= Abraham Langlet =

Swedish chemist (1868–1936)

Nils Abraham Langlet (9 July 1868 – 30 March 1936; known by his second given name) was a Swedish chemist.

==Biography==
Langlet was born in Södertälje, Sweden. He was the son of architect Emil Victor Langlet (1824–1898) and his wife, author Clara Mathilda Ulrika Clementine Söderén (1832–1904). His brothers included author Valdemar Langlet (1872–1960).
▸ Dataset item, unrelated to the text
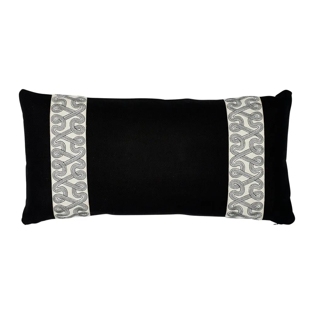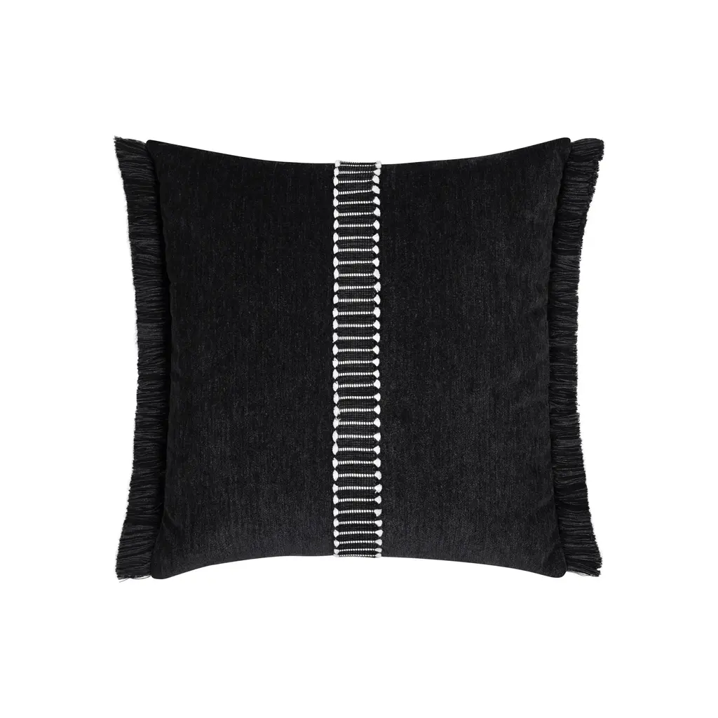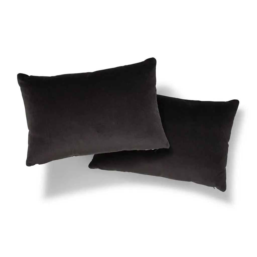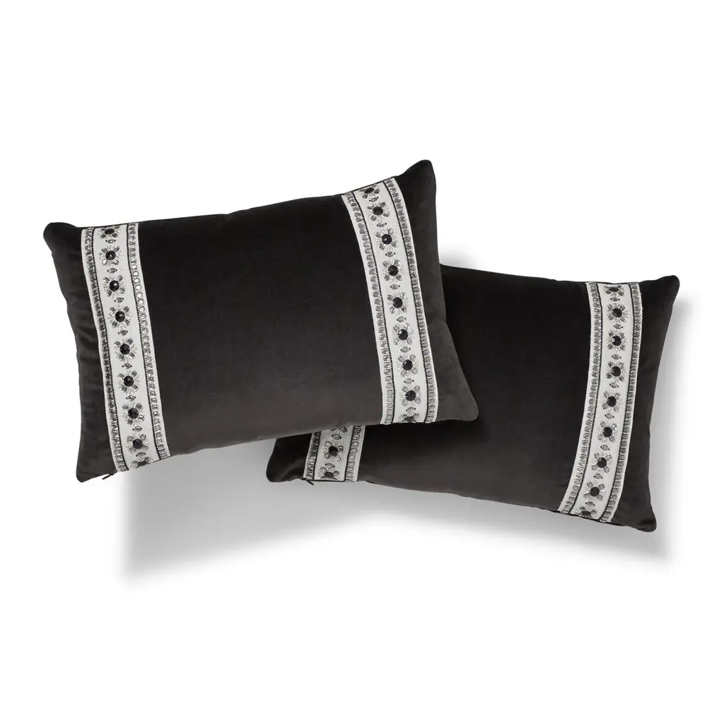 This 12" x 18" pillow features Gainsborough Velvet in Raven paired with trims in Maria Tape in Jet. Woven in the Netherlands, Schumacher's signature cotton velvet is available in nearly 300 colors. A short, dense pile and sumptuous texture give this fabric a beautiful depth. Feather/down fill insert included; knife-edge finish, hidden zipper closure. 100% Cotton. Dry Clean. Made in the Netherlands. If out of stock, lead-time is 15-20 business days approximately. Since Schumacher was founded in 1889, our family-owned company has been synonymous with style, taste, and innovation. A passion for luxury and an unwavering commitment to beauty are woven into everything we do. Pillows and accessories Product detail Pattern name: Gainsborough Velvet Color: Raven Hidden zipper closure Knife Edge Feather/down fill insert included Gainsborough Velvet Fabric Content: 100% Cotton Performance: Wyzenbeek 40,000 Maria Tape Content: 45% Acrylic Beads, 25% Linen, 21% Plastic Beads, 8% Glass Beads Performance: N/A Pillow measures 12"x 18".

From 1886 to 1896, he studied chemistry under Per Teodor Cleve (1840–1905) at Uppsala University, where he became a philosophy graduate in 1888, Philosophy Licentiate in 1893 and obtained a doctorate in 1896 and was made docent in the same year.
In 1899, he became lecturer in Chemistry and Chemical Technology at the Chalmers University of Technology in Gothenburg, where he received a professorship in the same field in 1911. From 1926, when his professorship was divided, he was professor of Organic Chemistry.

In 1895, Langlet had made plans to reinvestigate the gas often present in samples of the uranium-bearing mineral cleveite. Although the American chemist William Francis Hillebrand had identified the gas as nitrogen in 1890, Langlet had been prompted by Cleve's suggestion that the gas might instead be argon, which had just been discovered by William Ramsay and John William Strutt, 3rd Baron Rayleigh. In the paper he wrote on his investigation, Langlet stated "Obstructed by other work, however, I had to postpone this investigation for a couple of weeks and had just begun it when the news reached Prof. Cleve that helium had been found [by Ramsay] in cleveite.... I continued the investigation I had begun in the hope of obtaining a product that differed from Ramsay's at least to some extent through possible differences in starting material and method of preparation." Although Langlet cannot be credited as an independent discoverer of the element helium, he was the first to correctly measure its atomic weight. He died in Gothenburg, Sweden.